It doesn't matter to the decision whether to commit a snapshot transaction what it has read during its lifetime. However, it does matter to the decision whether to commit a serializable transaction what it has read in its lifetime. By choosing serializability, we are pushing onto the application programmer the need to understand this and the need to minimize how many reads their transactions do and make those transactions as specific as possible in what they read.
What we've done is we have pushed complexity into the application if we don't want to serialize anything. This transaction that reads the entire table each time is absolutely disastrous for throughput under serializability. But other than the larger amount of data movement, which may or may not be a problem, it is not a problem for throughput under snapshot isolation.

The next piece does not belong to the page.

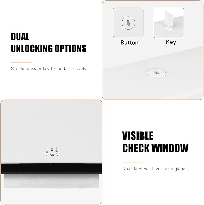 • 200-Sheet Capacity – Holds up to 200 multi-fold/tri-fold paper towels (within 3.1” width when folded), reducing refill frequency and saving time and effort

There you have pushed an implementation detail of the internals of the database, an implementation detail of isolation, into the heads of the application programmer.
Micro Benchmarks Reveal Nonlinear Performance Patterns Across Isolation Levels
Let's run a little micro benchmark and see what these results look like. I'm going to preface this with saying that all micro benchmarks are bunk and should be taken with a major grain of salt. The only thing that matters is your workload and your workload patterns. Having said that, here is my micro benchmark, and I'm going to make bold claims based on what I see here.

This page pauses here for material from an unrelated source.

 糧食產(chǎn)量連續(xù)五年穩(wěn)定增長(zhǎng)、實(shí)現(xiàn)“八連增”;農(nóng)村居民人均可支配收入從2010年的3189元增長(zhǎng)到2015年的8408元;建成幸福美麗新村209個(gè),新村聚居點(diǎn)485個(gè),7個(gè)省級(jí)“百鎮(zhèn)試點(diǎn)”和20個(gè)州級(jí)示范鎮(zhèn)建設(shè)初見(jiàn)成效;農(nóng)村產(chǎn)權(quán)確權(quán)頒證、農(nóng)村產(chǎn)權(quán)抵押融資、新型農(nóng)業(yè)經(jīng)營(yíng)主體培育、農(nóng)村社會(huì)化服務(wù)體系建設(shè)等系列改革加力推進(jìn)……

Here I have the throughput of two transactions contending. These transactions each write two rows and read N rows out of a database of 10,000 rows. Reading 100 rows is about reading 1% of the database. I'm running these transactions over and over. In fact, I'm running four concurrently here at three different isolation levels against open source PostgreSQL.
Here we see that read committed and repeatable read perform about the same. They're doing the same amount of work and moving the data around in approximately the same way. But serializable has this huge drop in throughput as conflicts start to happen. I have a theory for why this cliff is so cliffy at 32, but I'm not sure it's right, so I'm not going to share it. These results are repeatable across multiple versions of PostgreSQL, MySQL, and various other database engines.
Here's a different view. Here, instead of doing reads and writes, every transaction just does N writes and has no reads. This is a pure primary key update workload, a workload that is only doing updates on primary keys. What we can see here is repeatable read and serializable. In this example, repeatable read was way faster than serializable, so snapshot was faster than serializable.
In the pure updates example, snapshot is no faster than serializable. Again, this is a result that is repeatable across the snapshot levels or snapshot equivalent levels of a lot of database engines. Why is this happening? The reason is from the database's perspective, the transactions that need to abort are the same transactions.
At the snapshot level, they are all writes, so they are write-write conflicts and they need to be aborted. At the serializable level, there are read-write conflicts because the read set and the write set are the same, since every update on a primary key is a read-modify-write. This is what I mean when I say that the performance of different isolation levels is highly nonlinear and very workload dependent.
You might say serializable is really expensive, but it turns out that serializable is no more expensive than repeatable read for this particular example. Or you might say repeatable read is expensive, but it turns out that repeatable read is no more expensive than read committed in this example. It is entirely dependent on workload patterns and requires an understanding of workload patterns to predict performance.
That is a problem for database people trying to explain to application programmers how to write great high performance database code. This is the core problem of understanding the relationship between isolation, correctness, and performance.
How PostgreSQL and Aurora DSQL Implement Snapshot Isolation
Now let's zoom in a little bit more and talk about how PostgreSQL and Aurora DSQL implement snapshot isolation. I'll preface this by saying that I'm not a super deep PostgreSQL expert. I did read a bunch of the code for this talk, and so I think I'm getting this right, but I'll be happy to be corrected if I'm wrong.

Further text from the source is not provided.